_SOURCE DATA:_

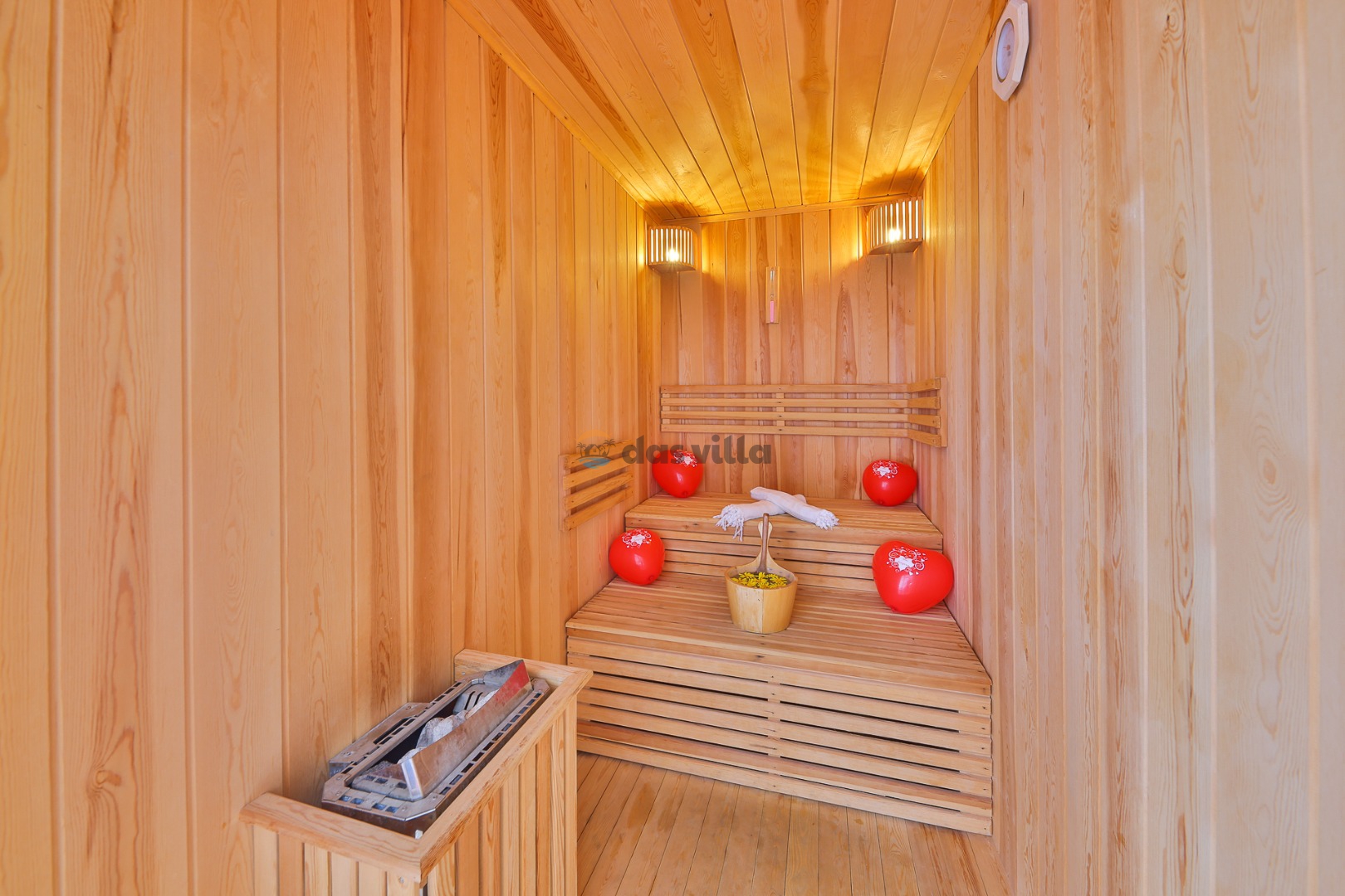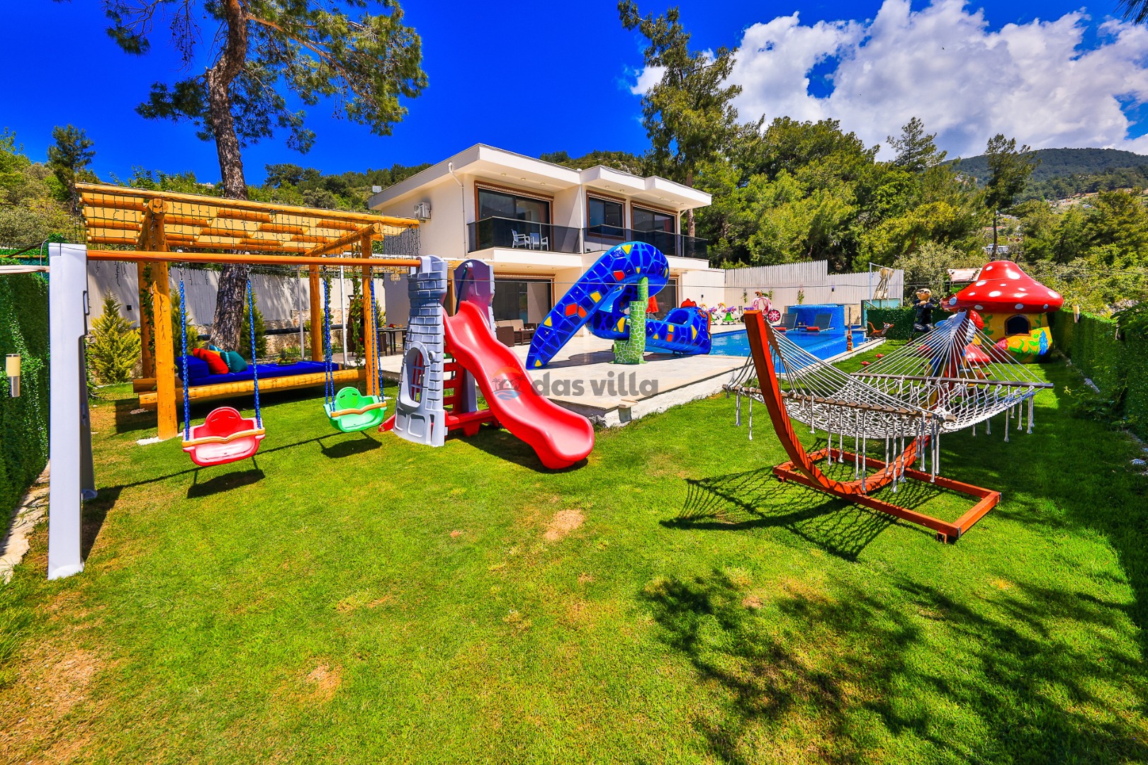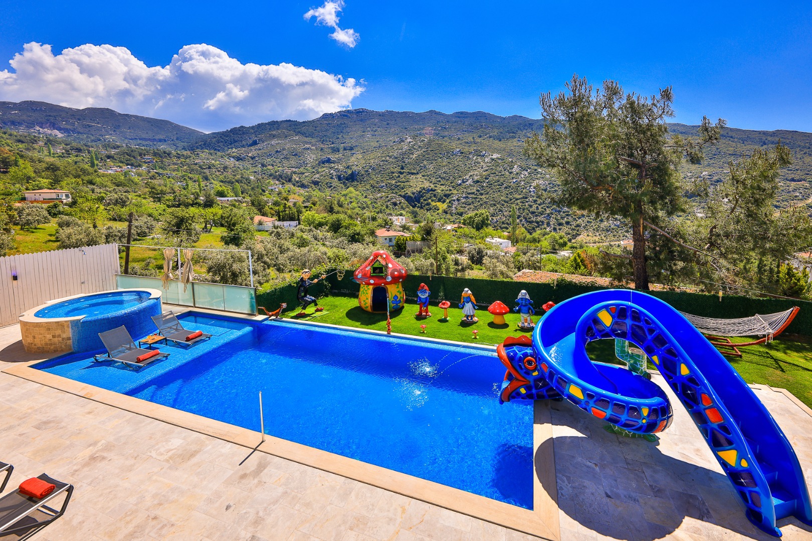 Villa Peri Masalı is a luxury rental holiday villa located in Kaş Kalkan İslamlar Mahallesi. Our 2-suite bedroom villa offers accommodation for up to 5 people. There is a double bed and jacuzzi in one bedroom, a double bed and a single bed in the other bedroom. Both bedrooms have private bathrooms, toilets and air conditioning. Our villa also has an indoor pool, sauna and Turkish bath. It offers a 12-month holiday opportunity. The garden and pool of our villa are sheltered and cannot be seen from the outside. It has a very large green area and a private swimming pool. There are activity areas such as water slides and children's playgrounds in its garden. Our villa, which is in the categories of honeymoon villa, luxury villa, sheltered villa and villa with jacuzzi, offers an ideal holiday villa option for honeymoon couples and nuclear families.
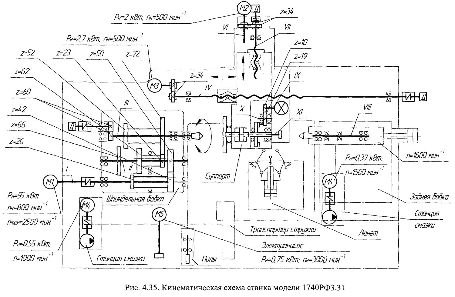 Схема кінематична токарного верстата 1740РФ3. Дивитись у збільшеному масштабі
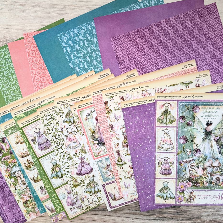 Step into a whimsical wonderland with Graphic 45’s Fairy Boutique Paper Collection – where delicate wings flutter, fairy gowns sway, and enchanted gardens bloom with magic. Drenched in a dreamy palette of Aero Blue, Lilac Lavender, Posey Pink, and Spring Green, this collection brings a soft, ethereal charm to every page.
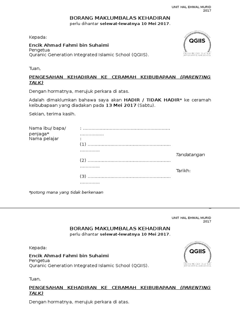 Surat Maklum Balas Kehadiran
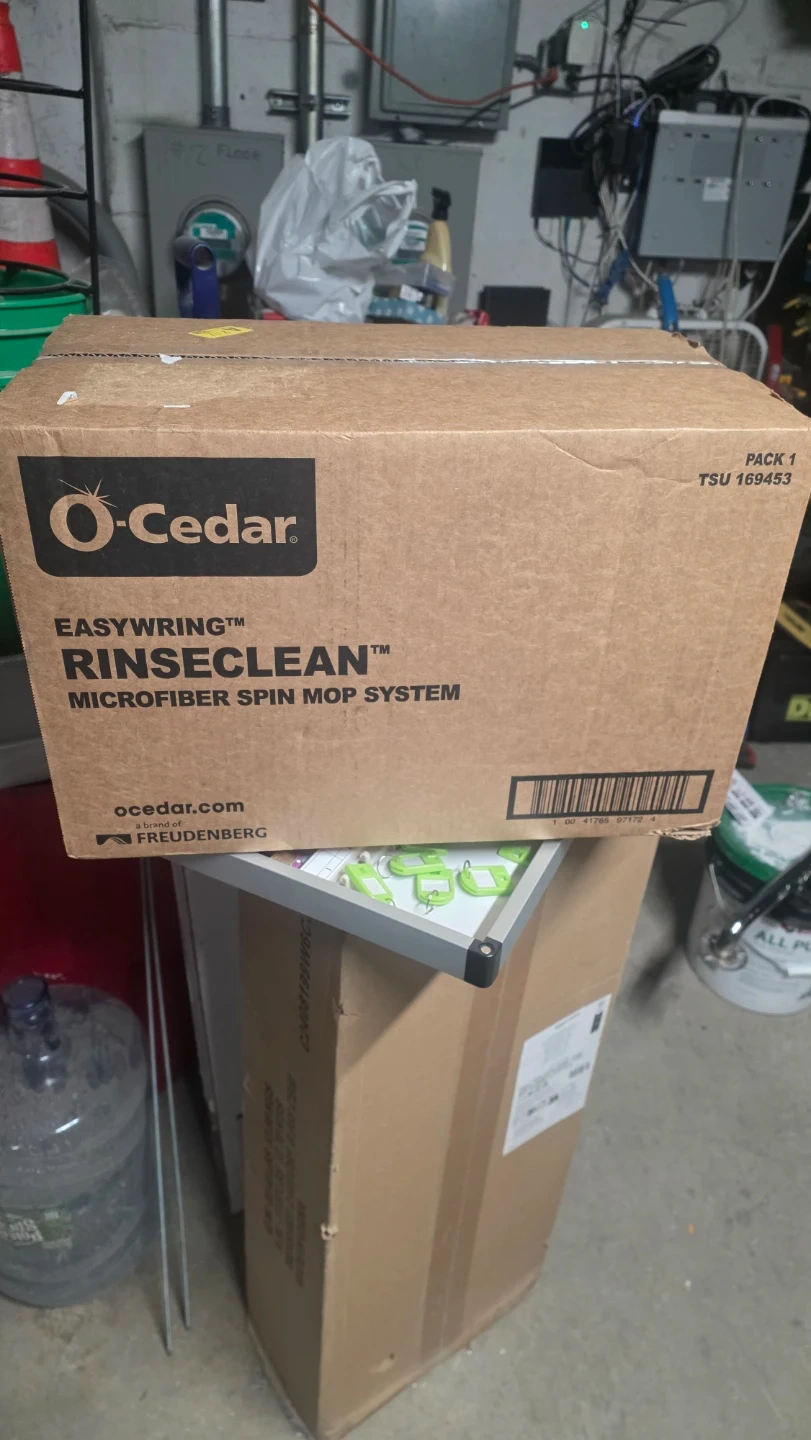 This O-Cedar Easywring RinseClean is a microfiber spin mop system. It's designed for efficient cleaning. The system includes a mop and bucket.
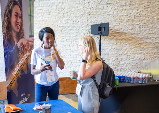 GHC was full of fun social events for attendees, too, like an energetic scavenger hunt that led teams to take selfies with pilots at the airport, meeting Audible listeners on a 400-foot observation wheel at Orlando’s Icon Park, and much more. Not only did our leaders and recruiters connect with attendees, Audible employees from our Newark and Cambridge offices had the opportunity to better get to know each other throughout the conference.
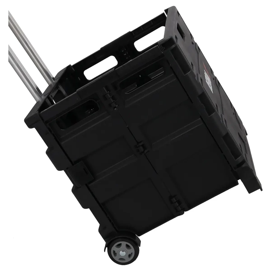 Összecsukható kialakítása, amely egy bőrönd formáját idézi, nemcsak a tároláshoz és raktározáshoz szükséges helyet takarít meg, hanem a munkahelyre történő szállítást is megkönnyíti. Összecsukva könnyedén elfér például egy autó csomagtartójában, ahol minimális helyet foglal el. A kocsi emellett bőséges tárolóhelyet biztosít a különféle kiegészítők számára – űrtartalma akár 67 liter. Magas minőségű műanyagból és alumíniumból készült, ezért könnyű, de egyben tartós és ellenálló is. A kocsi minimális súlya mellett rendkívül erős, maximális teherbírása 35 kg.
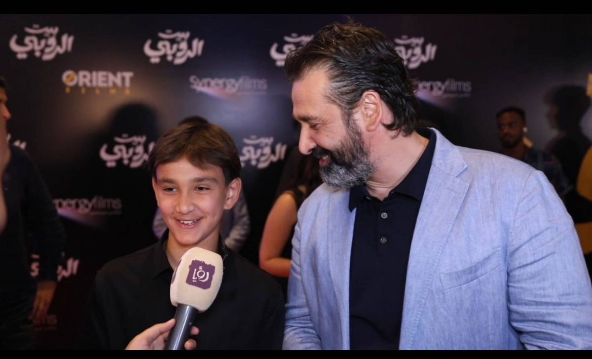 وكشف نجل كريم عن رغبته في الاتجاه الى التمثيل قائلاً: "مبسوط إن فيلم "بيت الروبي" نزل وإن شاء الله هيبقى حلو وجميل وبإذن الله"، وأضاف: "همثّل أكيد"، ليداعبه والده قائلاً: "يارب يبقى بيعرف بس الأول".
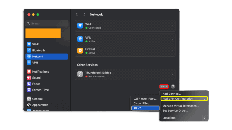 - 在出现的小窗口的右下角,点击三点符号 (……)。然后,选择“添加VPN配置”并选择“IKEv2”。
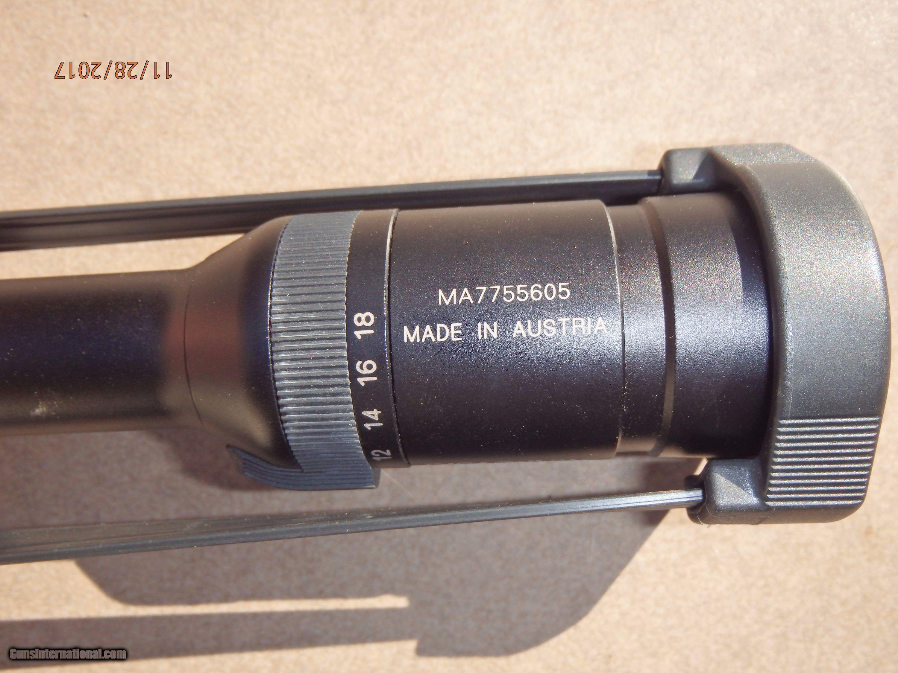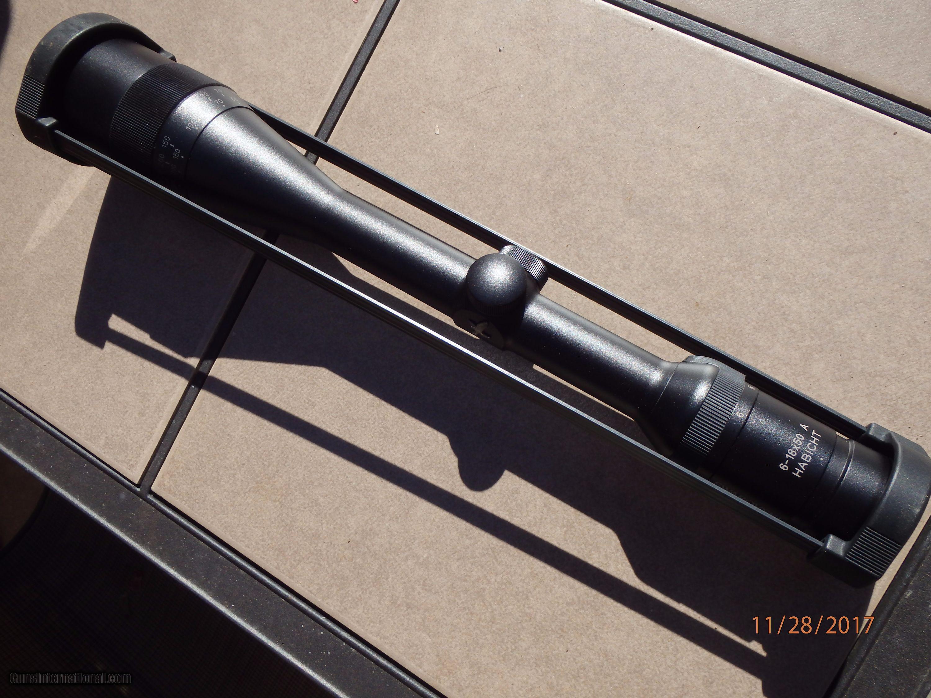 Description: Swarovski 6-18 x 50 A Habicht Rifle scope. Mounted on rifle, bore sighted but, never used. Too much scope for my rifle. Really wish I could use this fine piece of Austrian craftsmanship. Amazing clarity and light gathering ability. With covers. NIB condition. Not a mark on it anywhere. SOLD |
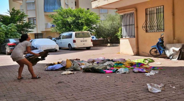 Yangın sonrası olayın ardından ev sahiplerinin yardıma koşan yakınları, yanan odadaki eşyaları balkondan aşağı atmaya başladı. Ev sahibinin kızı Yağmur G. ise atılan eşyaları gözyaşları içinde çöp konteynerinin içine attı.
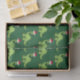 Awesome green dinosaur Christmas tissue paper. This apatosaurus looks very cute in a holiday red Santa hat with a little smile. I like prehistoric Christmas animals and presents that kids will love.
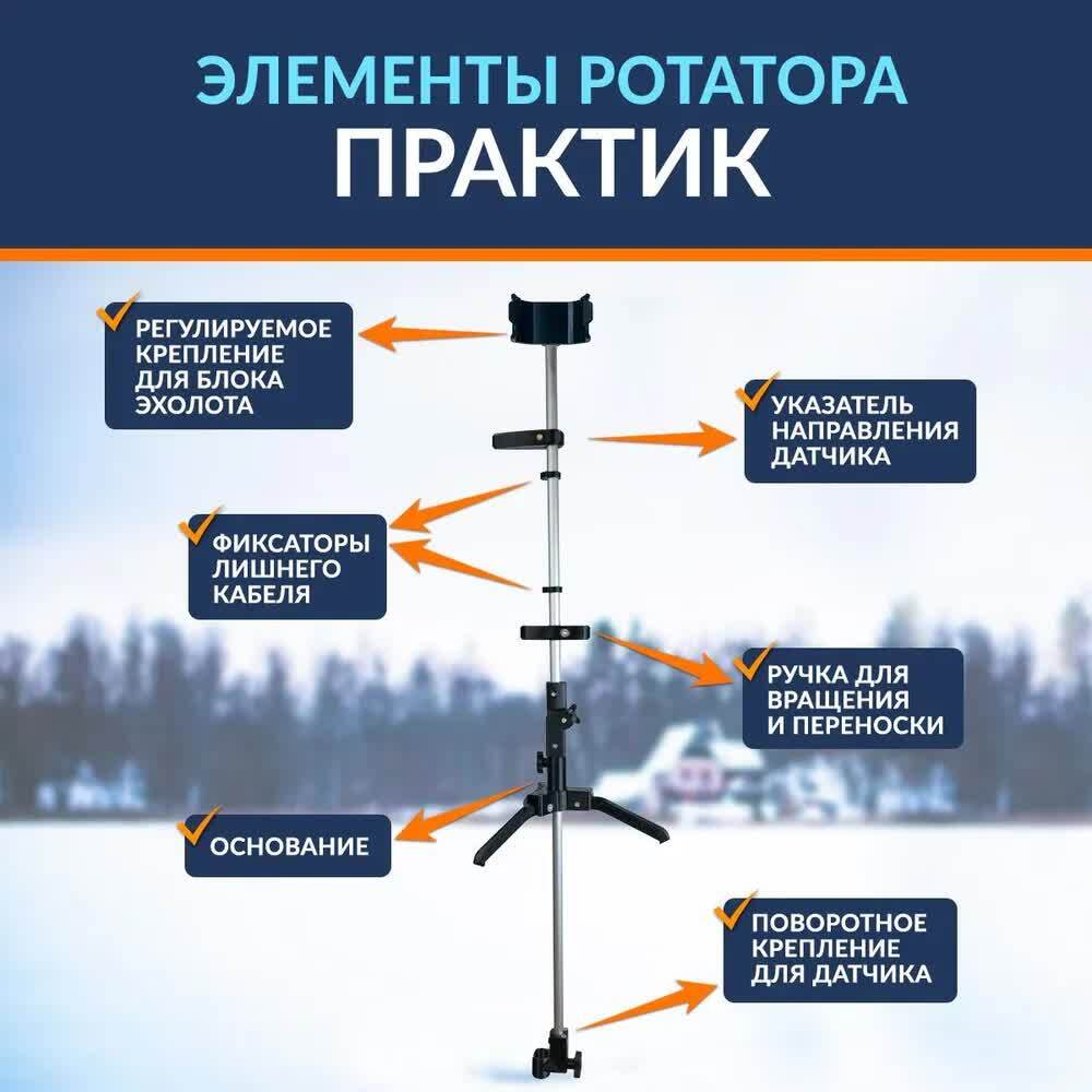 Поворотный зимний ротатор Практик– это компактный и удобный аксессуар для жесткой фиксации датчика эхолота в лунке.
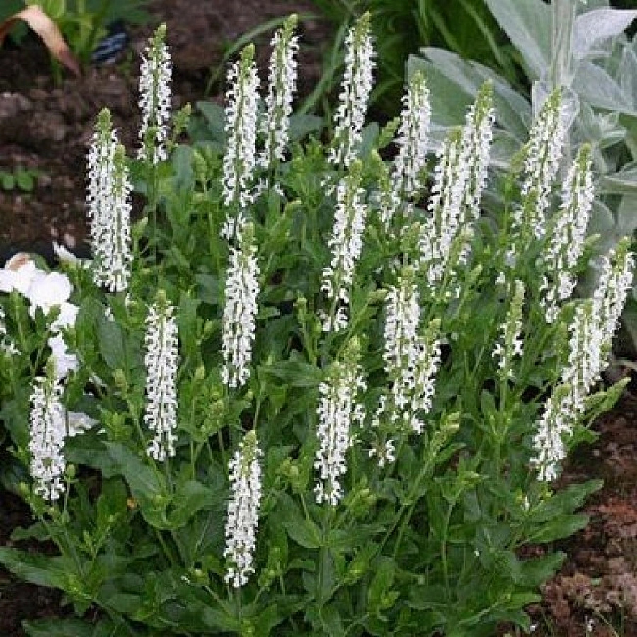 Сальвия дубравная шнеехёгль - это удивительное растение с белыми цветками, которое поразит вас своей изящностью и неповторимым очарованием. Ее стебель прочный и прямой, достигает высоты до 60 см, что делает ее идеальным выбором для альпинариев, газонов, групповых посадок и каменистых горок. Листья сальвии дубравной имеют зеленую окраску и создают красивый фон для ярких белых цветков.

_YOUR GOAL:_
Restate every line above word for word. Do not carry over the images.

_SOLUTION TO THE PROBLEM:_
 Villa Peri Masalı is a luxury rental holiday villa located in Kaş Kalkan İslamlar Mahallesi. Our 2-suite bedroom villa offers accommodation for up to 5 people. There is a double bed and jacuzzi in one bedroom, a double bed and a single bed in the other bedroom. Both bedrooms have private bathrooms, toilets and air conditioning. Our villa also has an indoor pool, sauna and Turkish bath. It offers a 12-month holiday opportunity. The garden and pool of our villa are sheltered and cannot be seen from the outside. It has a very large green area and a private swimming pool. There are activity areas such as water slides and children's playgrounds in its garden. Our villa, which is in the categories of honeymoon villa, luxury villa, sheltered villa and villa with jacuzzi, offers an ideal holiday villa option for honeymoon couples and nuclear families.
 Схема кінематична токарного верстата 1740РФ3. Дивитись у збільшеному масштабі
 Step into a whimsical wonderland with Graphic 45’s Fairy Boutique Paper Collection – where delicate wings flutter, fairy gowns sway, and enchanted gardens bloom with magic. Drenched in a dreamy palette of Aero Blue, Lilac Lavender, Posey Pink, and Spring Green, this collection brings a soft, ethereal charm to every page.
 Surat Maklum Balas Kehadiran
 This O-Cedar Easywring RinseClean is a microfiber spin mop system. It's designed for efficient cleaning. The system includes a mop and bucket.
 GHC was full of fun social events for attendees, too, like an energetic scavenger hunt that led teams to take selfies with pilots at the airport, meeting Audible listeners on a 400-foot observation wheel at Orlando’s Icon Park, and much more. Not only did our leaders and recruiters connect with attendees, Audible employees from our Newark and Cambridge offices had the opportunity to better get to know each other throughout the conference.
 Összecsukható kialakítása, amely egy bőrönd formáját idézi, nemcsak a tároláshoz és raktározáshoz szükséges helyet takarít meg, hanem a munkahelyre történő szállítást is megkönnyíti. Összecsukva könnyedén elfér például egy autó csomagtartójában, ahol minimális helyet foglal el. A kocsi emellett bőséges tárolóhelyet biztosít a különféle kiegészítők számára – űrtartalma akár 67 liter. Magas minőségű műanyagból és alumíniumból készült, ezért könnyű, de egyben tartós és ellenálló is. A kocsi minimális súlya mellett rendkívül erős, maximális teherbírása 35 kg.
 وكشف نجل كريم عن رغبته في الاتجاه الى التمثيل قائلاً: "مبسوط إن فيلم "بيت الروبي" نزل وإن شاء الله هيبقى حلو وجميل وبإذن الله"، وأضاف: "همثّل أكيد"، ليداعبه والده قائلاً: "يارب يبقى بيعرف بس الأول".
 - 在出现的小窗口的右下角,点击三点符号 (……)。然后,选择“添加VPN配置”并选择“IKEv2”。
 Description: Swarovski 6-18 x 50 A Habicht Rifle scope. Mounted on rifle, bore sighted but, never used. Too much scope for my rifle. Really wish I could use this fine piece of Austrian craftsmanship. Amazing clarity and light gathering ability. With covers. NIB condition. Not a mark on it anywhere. SOLD |
 Yangın sonrası olayın ardından ev sahiplerinin yardıma koşan yakınları, yanan odadaki eşyaları balkondan aşağı atmaya başladı. Ev sahibinin kızı Yağmur G. ise atılan eşyaları gözyaşları içinde çöp konteynerinin içine attı.
 Awesome green dinosaur Christmas tissue paper. This apatosaurus looks very cute in a holiday red Santa hat with a little smile. I like prehistoric Christmas animals and presents that kids will love.
 Поворотный зимний ротатор Практик– это компактный и удобный аксессуар для жесткой фиксации датчика эхолота в лунке.
 Сальвия дубравная шнеехёгль - это удивительное растение с белыми цветками, которое поразит вас своей изящностью и неповторимым очарованием. Ее стебель прочный и прямой, достигает высоты до 60 см, что делает ее идеальным выбором для альпинариев, газонов, групповых посадок и каменистых горок. Листья сальвии дубравной имеют зеленую окраску и создают красивый фон для ярких белых цветков.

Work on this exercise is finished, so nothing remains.